というわけで、生活資金しか考えてなかった俺はバイトすることになった。

ちなみにバルクもエレアもタニアももれなく道連れである。パーティーとして協力しないとな!うん!


*****


「いいですか、タニア?私は近くでしか矢を撃てないので・・・・・・、んじゃ行ってきます!」


エレアはどこで覚えたのか良い感じそれらしい敬礼をして勢いよく飛び出していった。


「いやいやいや!!おかしいでしょ!?エレアねいさん!!レンジャーって長距離戦闘でしょ!?」


タニアの嘆きの声は勢いに乗ったエレアには聞こえず無謀にもバトルゴブリンに突っ込んでいく。

まぁ、すんごい勢いで走ってくる自分の敵にバトルゴブリンが気が付かないはずがない。

バトルゴブリンはエレアの突進に合わせてカウンターを決めようと持っていた片手剣を構える。バトルが付くゴブリンなだけあってカウンターの構えも様になっている。


「ふっ、だめですよ?そんなんじゃ。私の矢の威力から逃れられません!!おりゃぁぁああ!!」


タニアは「何がだめなのかな?」と思いつつ成り行きを見守った。


エレアは奇声を発しながらバトルゴブリンに矢を放つ。例の如く尋常では無いパワーのおかげでもの凄い轟音を立てながらバトルゴブリンの隣の大木を切り裂きながら勢いを止めることなく進んでいく。もう一度説明するがバトルゴブリンには命中していない。

初めて目撃するタニアとバトルゴブリンは種族は違えど同じ顔をした。


「まじかっ・・・エレアねいさん・・・」


すると、今度はエレアは走っている勢いをそのままにUターンしてタニアの方向に走っていった。


「ど、どうしたんだ?エレアねいさん・・・!?」


「いや~、私、矢、外しちゃったら終わりなんですよ。んじゃ、よろしくっ!」


エレアのあまりの変わりようにタニアとバトルゴブリンはまたしても同じ顔をして固まってしまった。


「・・・って、チョット待って!エレアねいさん!!僕、まだレベル1だから!!」


九十年も生きているだけあってその辺の野良モンスターとはさすがに対応速度が違う。急いで逃げたエレアの後を追った。タニアの行動を見てバトルゴブリンが本能を思い出したらしく逃げたエレアとタニアを追いかけだした。
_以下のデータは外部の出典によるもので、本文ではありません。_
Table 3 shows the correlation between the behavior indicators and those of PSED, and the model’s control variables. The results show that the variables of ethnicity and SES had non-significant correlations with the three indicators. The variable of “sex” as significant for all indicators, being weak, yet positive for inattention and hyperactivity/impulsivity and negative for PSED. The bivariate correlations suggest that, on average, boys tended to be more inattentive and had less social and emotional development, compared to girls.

「おいおいおい!!どうすんだエレアねいさん!?追いかけて来てるよ!?あのゴブリン強そうだよ!?超強そうだよ!?何か作戦とかないのかよ!!?」


「そうですね~。私に作戦とか難しいこと考えるのムリですね。そういうのはオサムかバルクの仕事なので!」


「それじゃ・・・!ホントに打つ手なし!?」


「手はありますよ?」


「・・・・・・え?手があるなら・・・・・・」


エレアは逃げながらタニアの目の前に手の平をだした。


「ふざけている場合じゃないでしょ!?エレアねいさん!!」


「手か~・・・・・・。よしっ!行くぞ!!」


「エレアねいさん?行くってどこに・・・・・・えぇぇっ!!?」


エレアは何を血迷ったのか再びUターンしてバトルゴブリンの所に突進していった。バトルゴブリンは急にUターンしたエレアに驚いたようだったが獲物が来るからにはモンスターといえど迎えに撃たねばならない。
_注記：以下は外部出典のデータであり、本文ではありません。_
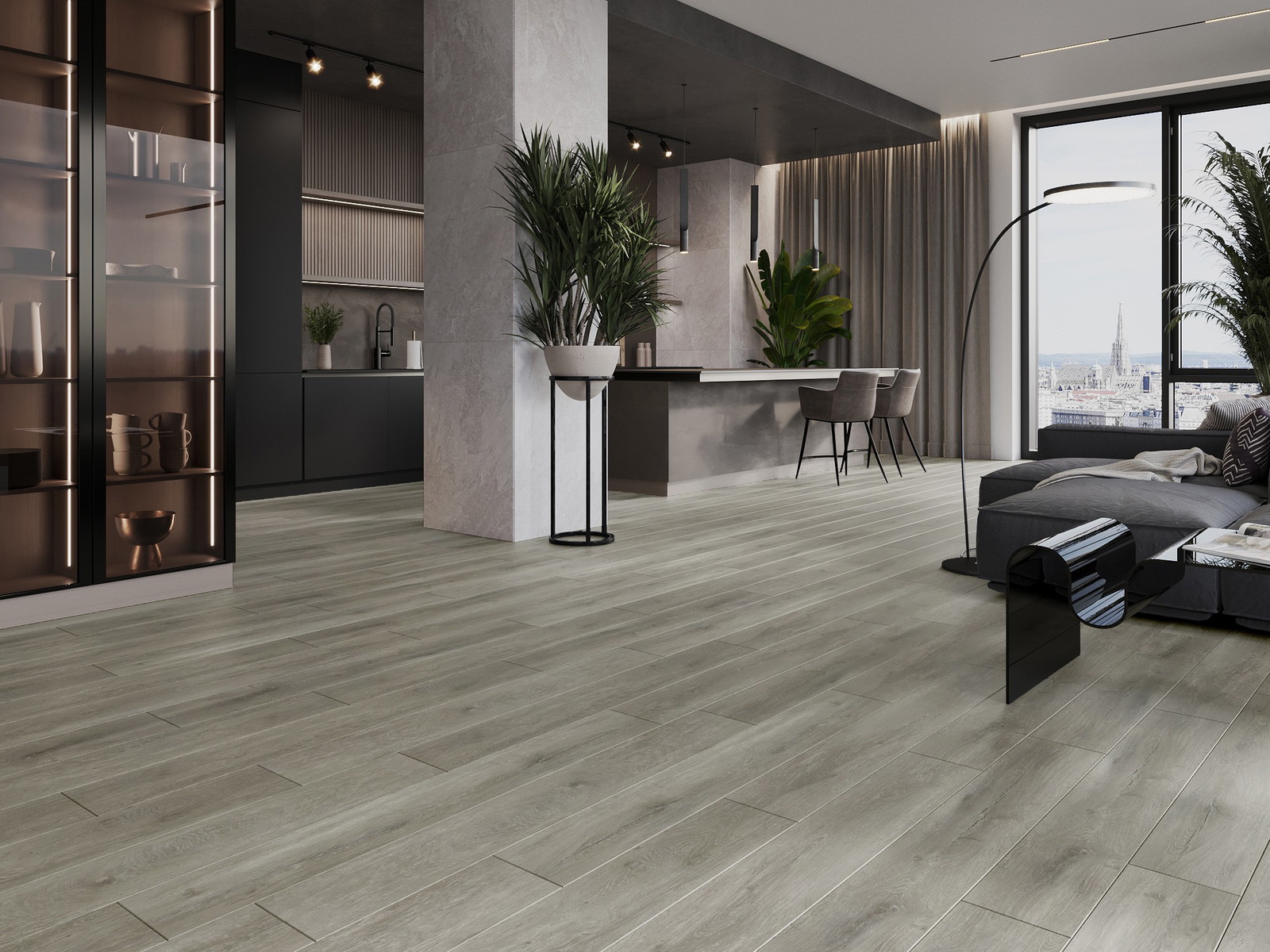 Skydas išsiskiria subtiliais raštais ir įspaudais, kurie puikiai imituoja pasirinktos medienos rūšį. Dėl šio efekto patalpa įgyja elegantišką, o tuo pačiu natūralų ir jaukų pobūdį.

バトルゴブリンはエレアを迎え撃つために武器を構えた。


「あぁ、もう!世話の焼けるねいさんだ!!リーフバインド!!」


リーフバインド。草木のを使って目標物を捕縛する高等魔法だ。普通、レベル一程度の冒険者で絶対に覚えることが不可能な魔法だが九十年も生きている妖精にとっては潜在的に覚えることができるらしい。

リーフバインドはバトルゴブリンの振り上げた武器を絡め取る。


「・・・・・・ガッ!?」


ゴブリンの驚愕に満ちた声を聞いたエレアは自慢げに叫んだ。


「ッさすが!よくできた弟だ!作戦通り!!」


「作戦ってなに!?そんなのあった!!?」


エレアはリーフバインドで武器を絡め取られてうろたえているバトルゴブリンの顔面に容赦なくパンチを放った。

ばんっ!!という顔を殴っただけではでないような音が炸裂した。まぁ確かにその通りだろう。エレアはバトルゴブリンの顔面を殴ったはずなのに顔はおろか上半身は消し飛んだのだから。

エレアはゴブリンの血糊で汚れた拳を払いタニアに言った。


「んじゃ、終わったことですし帰りますよ?今日は終わりです!」


「もう、何がなんだか・・・・・・。まぁ、次来る時はもう一人くらい連れて行く。いいな、エレアねいさん。」


「そうですね~、オサムに新技も褒めて貰いたいですし・・・・・・」


「あれ技だったの!?ただ殴っただけだろ、ねいさん!?」


多分、オサムにいさんも呆れるだろうな~と思い頭を抱える我らの弟であった・・・・・・。